I plugged in two monitors, a keyboard and mouse, and turned it on. Windows 11 Pro greeted me, already activated, ready to go. I was in my desktop in about two minutes.
The LP5C itself is about the size of a hardcover book — 137 by 126 by 47 millimeters. It sits next to my monitor stand and I barely notice it's there. No fan noise, no heat radiating from the side. It just does its job quietly.
What It Handles Well
My typical workday looks like this: a dozen browser tabs, Slack with a few workspaces, VS Code with a couple of projects open, a handful of terminal windows, and Spotify running in the background. On my old machine, that combo was enough to make the fans spin up and everything start feeling sluggish.
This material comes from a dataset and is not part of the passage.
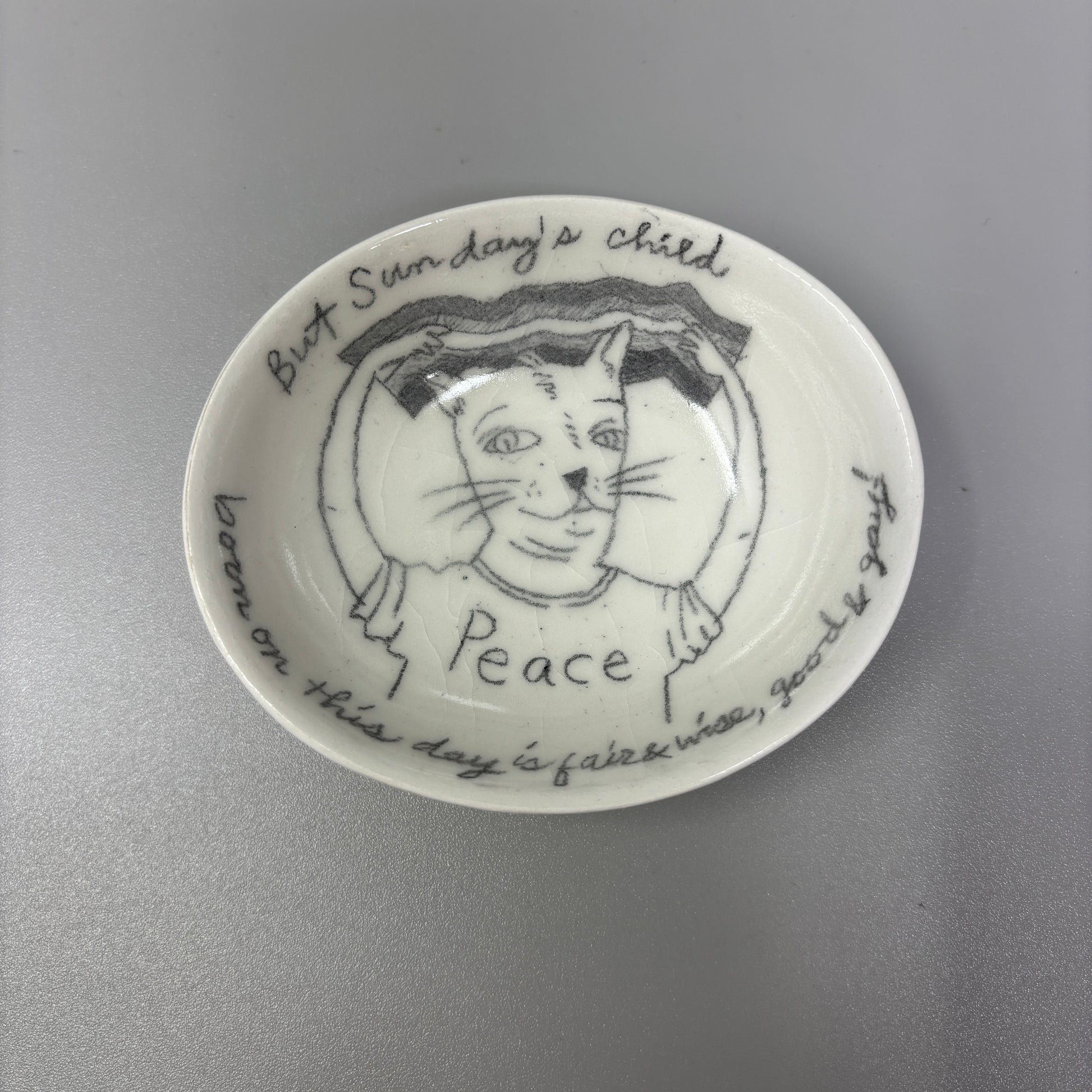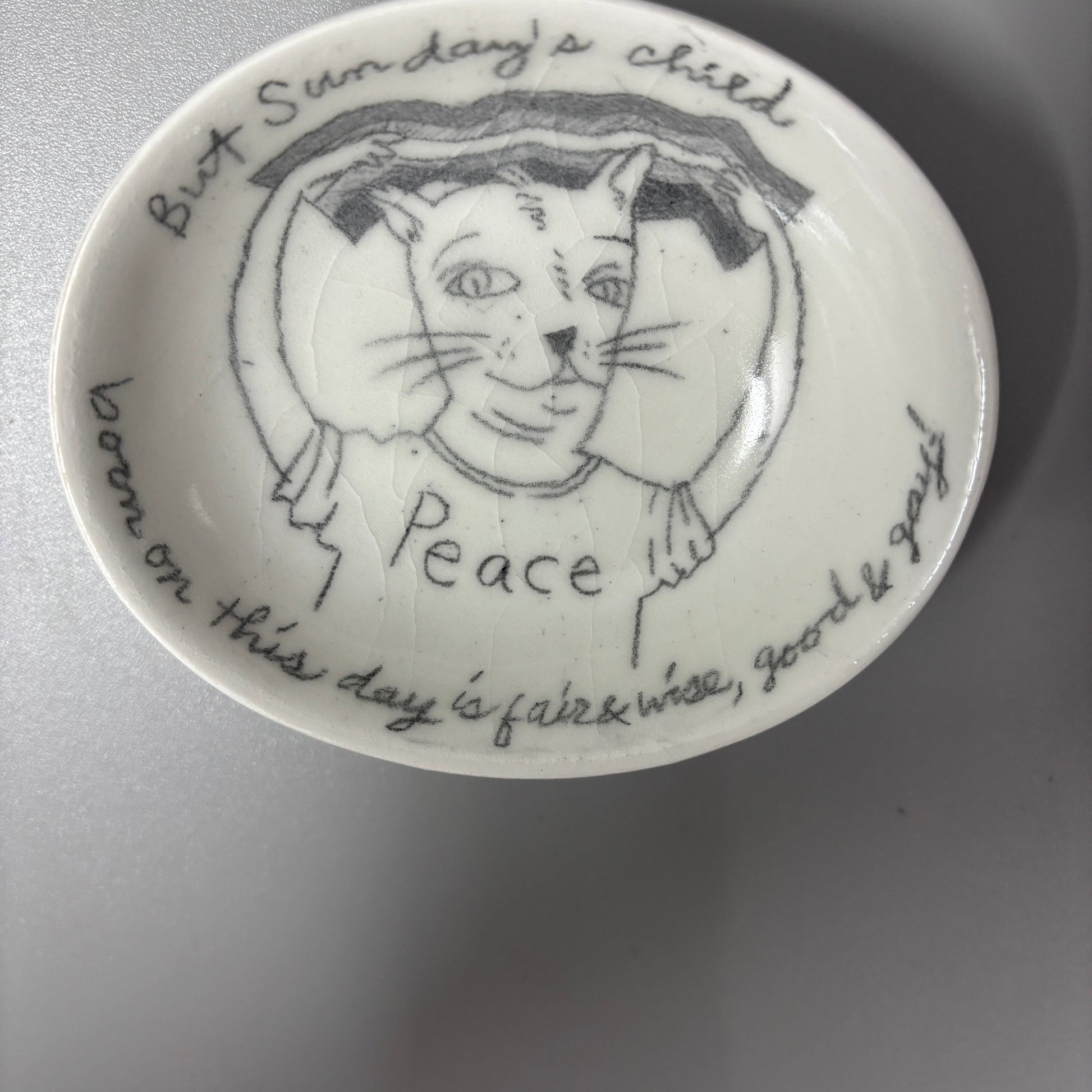 This charming hand made trinket dish is by Pbody Dsign. The “Monday’s Child” collection is a series of 7 trinket dishes, each with a rendering of a Caton an activity illustrating the redux of the fortune- telling nursery rhyme of the same name.

The LP5C handles it without breaking a sweat. The i5-12450HX has 8 cores and 12 threads, paired with 16GB of dual-channel DDR4 RAM. It won't win any benchmark wars against a $3000 workstation, but for daily work — development, office productivity, design — it's more than sufficient. I've even done some light Photoshop work and basic video cutting. Not blazing fast, but perfectly usable.
The dual HDMI ports are the feature I didn't know I needed. Two 4K monitors at 60Hz, no dongles, no adapters, no fiddling with display settings. Plug and play, done.
What Surprised Me
Three things stood out during my time with it.
First, the storage is genuinely flexible. Two M.2 slots — one of them Gen4 — plus a 2.5-inch SATA bay. I had an old SSD lying around, popped it in, and the system detected it immediately. No configuration needed.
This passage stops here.